# Pun Attribution with Inseq

[![Open In Colab](https://colab.research.google.com/assets/colab-badge.svg)](https://colab.research.google.com/github/Nix07/neural-mechanics-web/blob/main/labs/week7/pun_attribution_inseq.ipynb)

This notebook demonstrates **attribution methods** for understanding which input tokens contribute to a model's predictions, using the [inseq](https://inseq.org/) library. We'll apply these techniques to **puns** to discover which words make the model recognize (or generate) the punchline.

**Key Idea:** Attribution methods assign importance scores to input tokens, helping us understand *why* a model made a particular prediction.
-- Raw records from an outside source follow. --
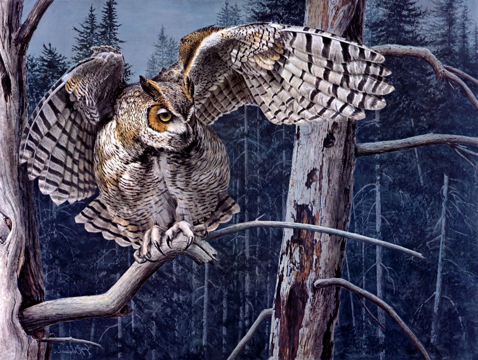 Eine gemalte Eule auf einem Ast
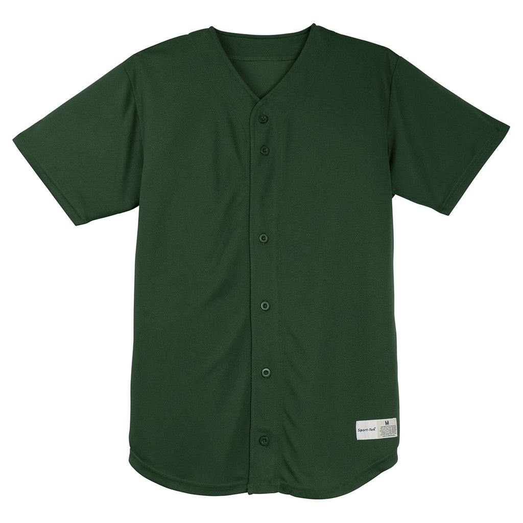 There is a 12 piece minimum on all orders for Sport-Tek t-shirts. This item will be imprinted, not embroidered.This Sport-Tek Men's Forest Green PosiCharge Tough Mesh Full-Button Jersey is an astute choice. But jerseys aren't all about the clothing on your backodd as it might sound to saybecause they can also help your company create some corporate apparel that people will love. And hey - they might even form a sports team!
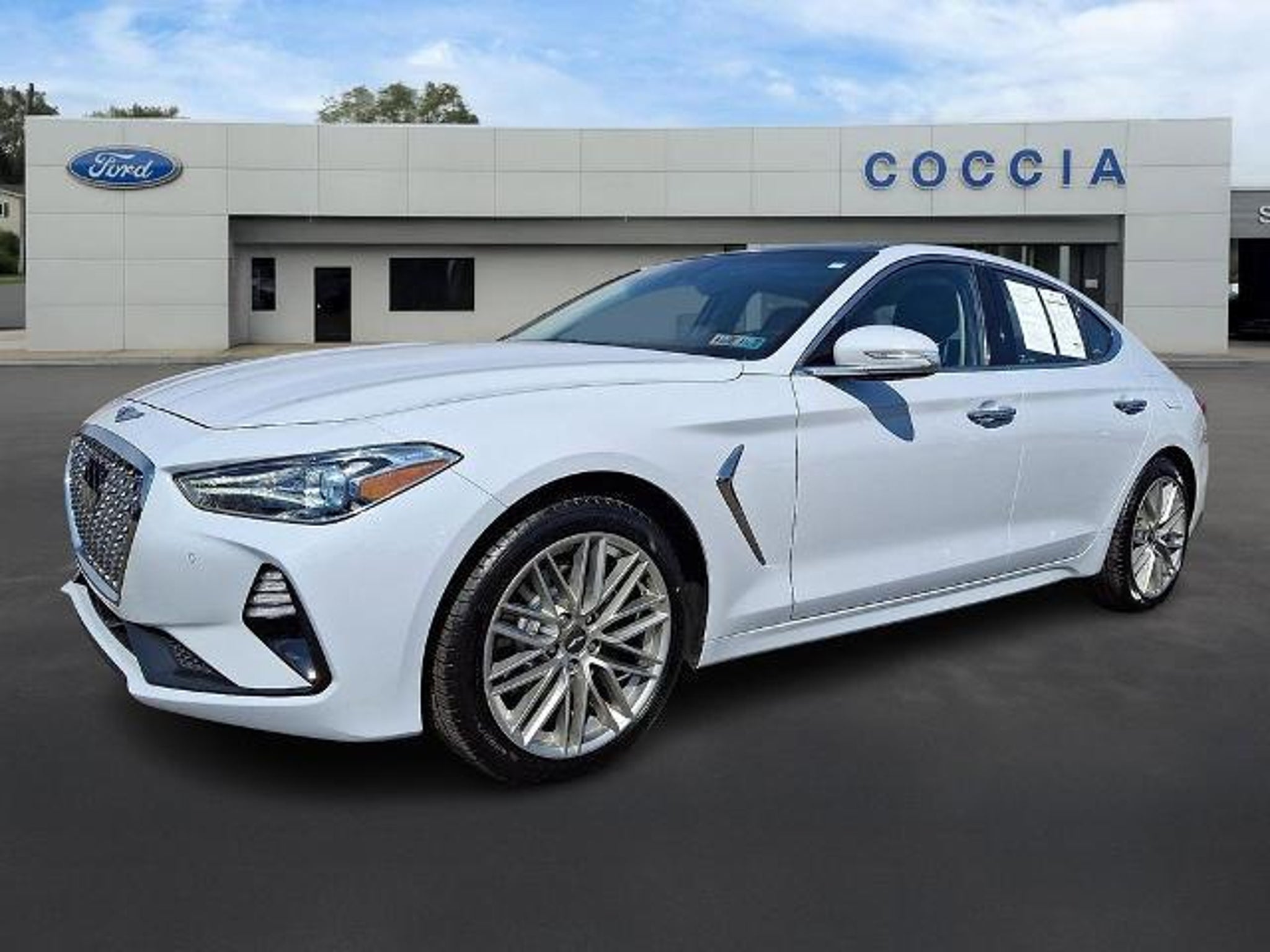 Owned Vehicles include a 3 month / 4,000 mile Ford limited warranty coverage*, 139 point inspection performed by a COCCIA factory trained technicians, Vehicle History report, 24/7 Roadside Assistance and 3 months of SirusXM Satellite Radio. COCCIA has been Family Owned and Operated for over 35 years. Certified. Odometer is 15212 miles below market average! 4D Sedan AWD 2.0L Turbocharged 8-Speed Automatic Recent Arrival! 20/27 City/Highway MPG Clean Vehicle History Report, Buy at Coccia and receive complimentary inspections for the life of your vehicle, Complimentary car wash with every service visit, Convenient Saturday service department hours available, Family owned and operated for over 35 years!, 12-Way Power Passenger Seat w/4-Way Power Lumbar, 14-Way Power Driver Seat w/ Cushion Extension, 6 Speakers, Air Conditioning, Alloy wheels, AM/FM radio: SiriusXM, Android Auto & Apple CarPlay, Auto High-beam Headlights, Auto-dimming Rear-View mirror, Automatic temperature control, Brake assist, Bumpers: body-color, Delay-off headlights, Door & Console Aluminum Trim, Driver door bin, Driver vanity mirror, Electronic Stability Control, Elite Package, Emergency communication system: Genesis Connected Services, Exterior Parking Camera Rear, Forward/Reverse Parking Distance Warning, Four wheel independent suspension, Front Bucket Seats, Front Center Armrest, Front dual zone A/C, Front Passenger Seat Walk-In Device, Front reading lights, Fully automatic headlights, Garage door transmitter: HomeLink, Genesis Logo Approach Lights, Heated door mirrors, Heated front seats, Heated Multi-Adjustable Front Bucket Seats, Illuminated entry, Integrated Memory System (IMS), Integrated Navigation System, Leather Seating Surfaces, Leatherette Seating Surfaces, Option Group 02, Outside temperature display, Overhead console, Panic alarm, Passenger door bin, Passenger vanity mirror, Power door mirrors, Power driver seat, Power Folding Auto-Dimming Outside Mirrors, Power passenger seat, Power steering, Power Tilt & Telescopic Steering Wheel, Power windows, Premium First Aid Kit, Radio: AM/FM/SiriusXM/HD Audio System, Radio: AM/FM/SiriusXM/HD Radio Lexicon Audio Sys, Rear Bumper Applique, Rear reading lights, Rear seat center armrest, Rear window defroster, Remote keyless entry, Reversible Cargo Tray, Security system, Speed control, Speed-Sensitive Wipers, Split folding rear seat, Steering wheel mounted audio controls, Tachometer, Telescoping steering wheel, Tilt steering wheel, Traction control, Trip computer, Turn signal indicat
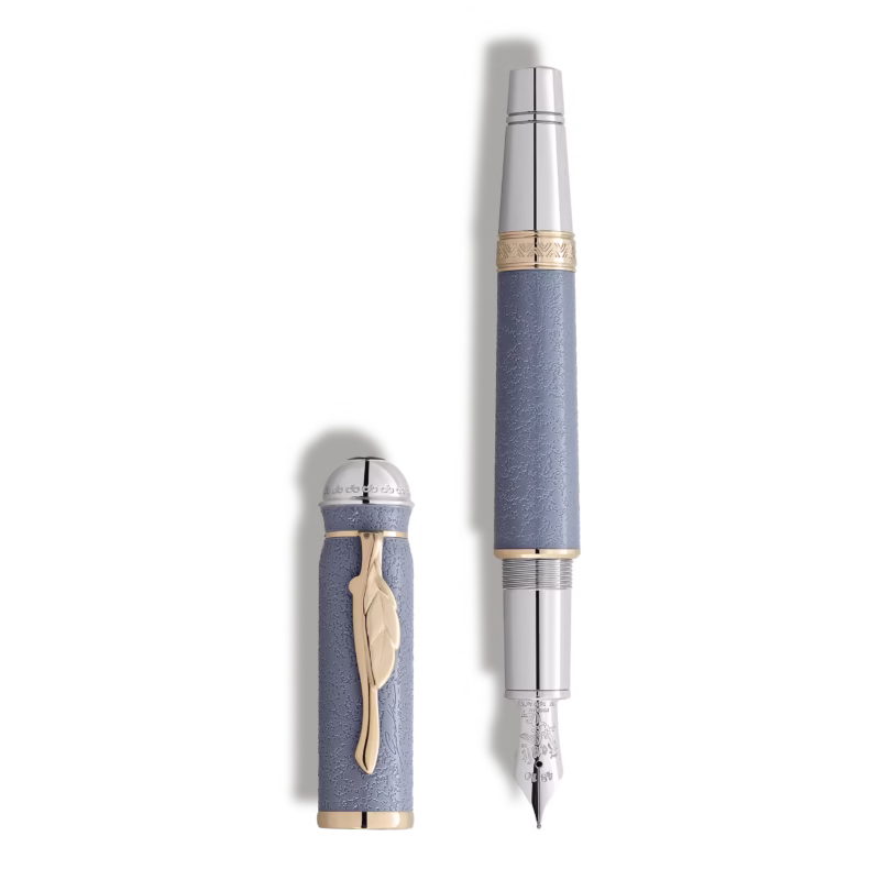 A further key design feature harks back to Goethe’s house in Weimar. The shade of blue and the pattern of the precious lacquer reflect the colour and structure of the wallpaper in the Juno room in the writer’s home. The signature gold-coated and platinum-coated fittings are also reminiscent of other decorative elements in the interior. A charming pattern akin to a string of clover leaves is engraved around the cap top. This detail originated from a letter written by Goethe to his beloved Charlotte Buff, the model for the figure of Lotte in his The Sorrows of Young Werther.
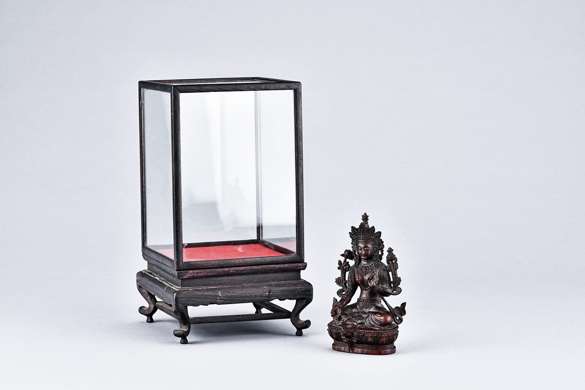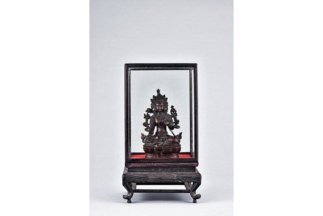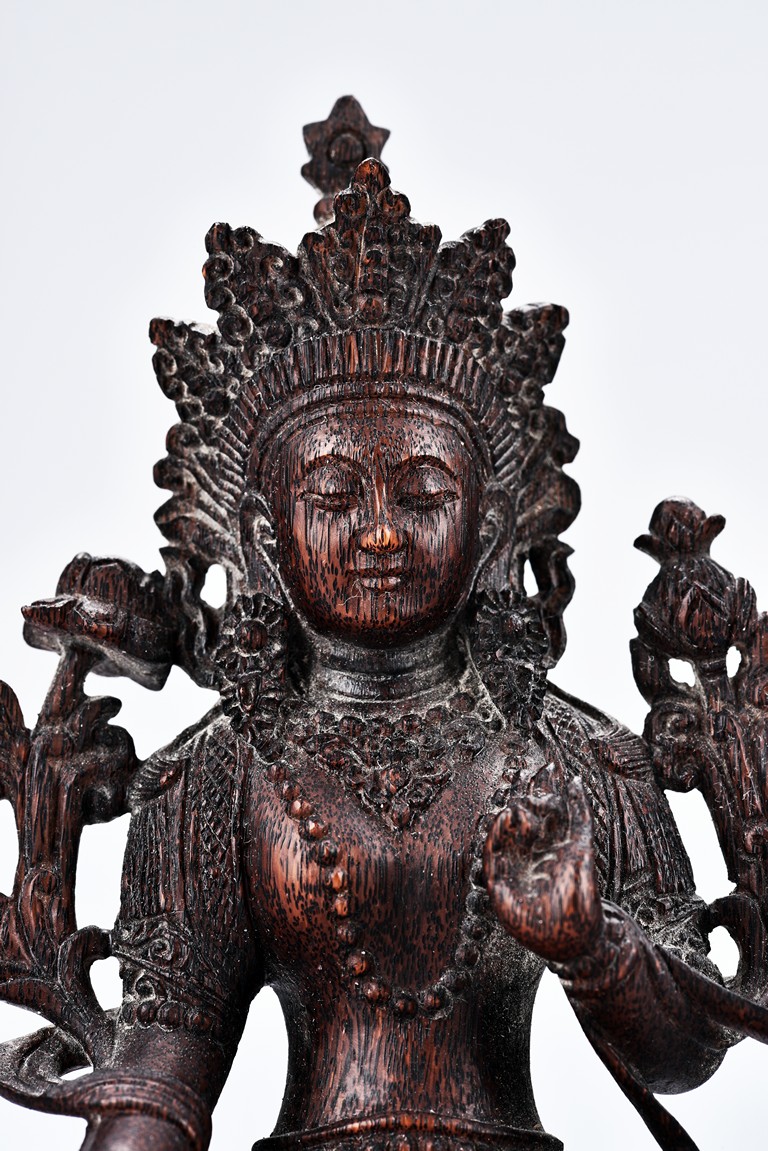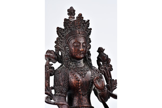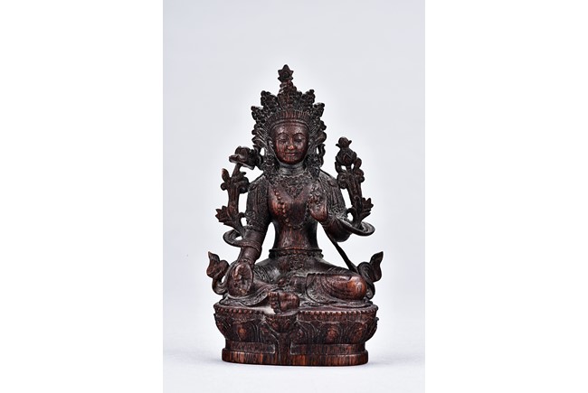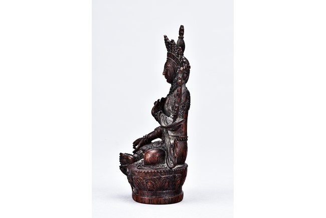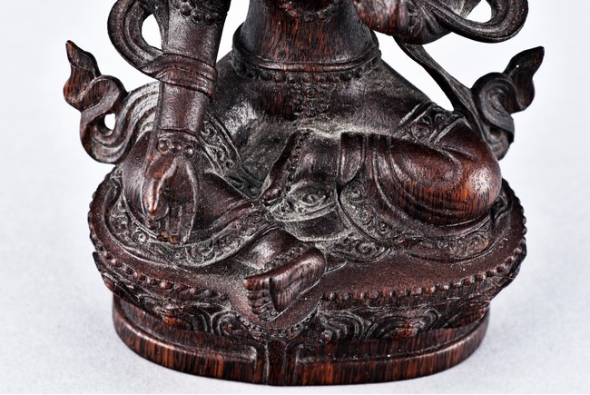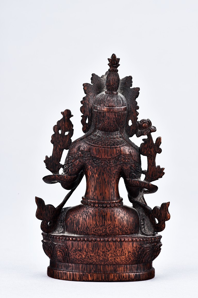 The bodhisattva is shown seated on double lotus throne, hands in vitakamutra, adorned in jewelry, with elaborate belt draped over her arm, the face with calm expression. Qing Dynasty period.
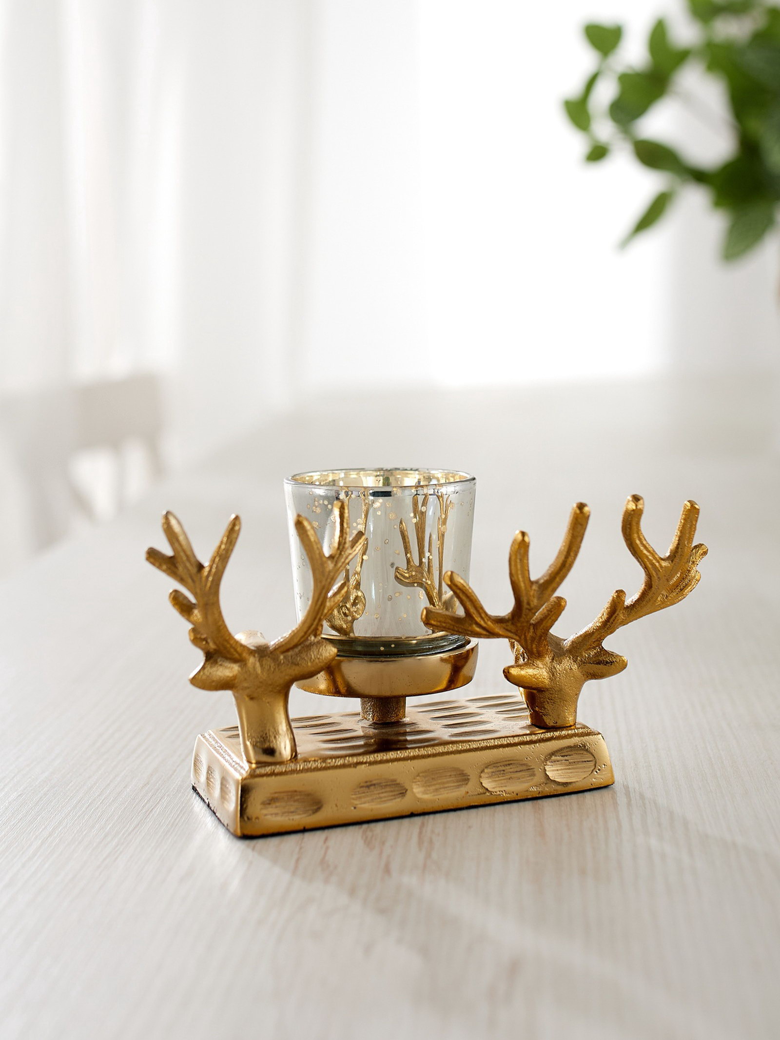 Подсвечник "Олени", 17x11x10 см, алюминий, 11x17x10 см., Индия
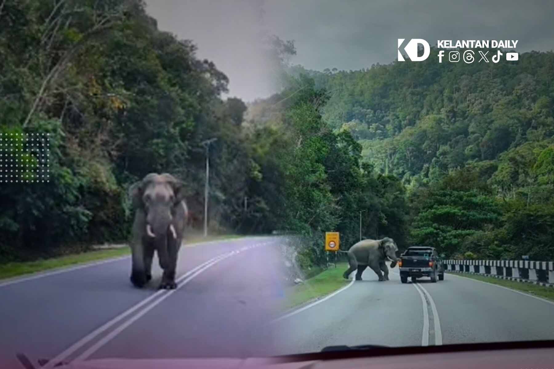 “Banyak kali sudah terserempak dengan gajah bila lalu laluan Timur-Barat, tetapi ini pertama kali betul-betul dekat sangat,” tulisnya di ruangan kapsyen.

For puns, we want to know: which words in the setup make the model predict the pun word?

## Methods Covered
- **Integrated Gradients**: Path-based attribution that satisfies theoretical axioms
- **Input x Gradient**: Simple gradient-based attribution
- **Attention-based attribution**: Using attention weights as proxies for importance

## References
- [Inseq Documentation](https://inseq.org/)
- [Integrated Gradients paper](https://arxiv.org/abs/1703.01365) (Sundararajan et al., 2017)
- [Attention is not Explanation](https://arxiv.org/abs/1902.10186) (Jain & Wallace, 2019)
- [Attention is not not Explanation](https://arxiv.org/abs/1908.04626) (Wiegreffe & Pinter, 2019)

## Setup

Install inseq and dependencies:

In [None]:
!pip install -q inseq transformers torch

In [None]:
import inseq
import torch
import numpy as np
import matplotlib.pyplot as plt
from IPython.display import display, HTML

# Check available attribution methods
print("Available attribution methods:")
print(inseq.list_feature_attribution_methods())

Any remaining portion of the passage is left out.